Hier, on apprenait que Ronaldinho, éloigné du foot pro depuis 2015, serait candidat pour être sénateur de l’État de Minas Gerais (sud-est). À 37 ans, l’ancien numéro 10 de la Seleçao aurait accepté de se lancer après une discussion récente avec les dirigeants du parti à Rio. À cette occasion, le natif de Porto Alegre avait même posé avec un livre du député controversé Jair Bolsonaro, qui pourrait se présenter à la présidentielle en 2018 sous l’étiquette Patriota. D’après UOL Esporte, qui confirmait l’information, l’ex-numéro 10 avait donné son accord verbal pour s’engager. Mais la candidature devait être officialisée en mars.

 

 

 

Au vu du CV de Jair Bolsonaro (62 ans), cette arrivée de Ronaldinho en politique a effrayé beaucoup de gens sur les réseaux sociaux, à commencer par de nombreux Brésiliens.

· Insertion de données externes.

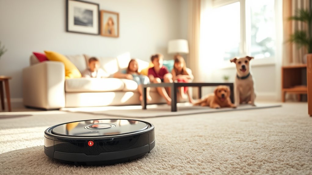 Think of family mode as a loyal guardian, tailored to protect your home’s health. It often includes allergy and pet hair cleaning features, much like a vigilant watchdog sniffing out trouble. These settings prioritize removing allergens and pet dander, ensuring a cleaner, happier space. While not every model offers all features, many are equipped to handle pet hair and allergens, making your home safer for everyone.

Car ce député conservateur et ancien militaire est connu pour ses prises de position très à droite et notamment en faveur de la peine de mort ou encore de la torture, en plus d’être un habitué des propos racistes et homophobes. Celui qui a « Jésus dans le coeur », a notamment affirmé qu’une députée de gauche ne « méritait pas d’être violée » ou encore qu’il préférerait voir son fils « tué dans un accident » plutôt qu’homosexuel.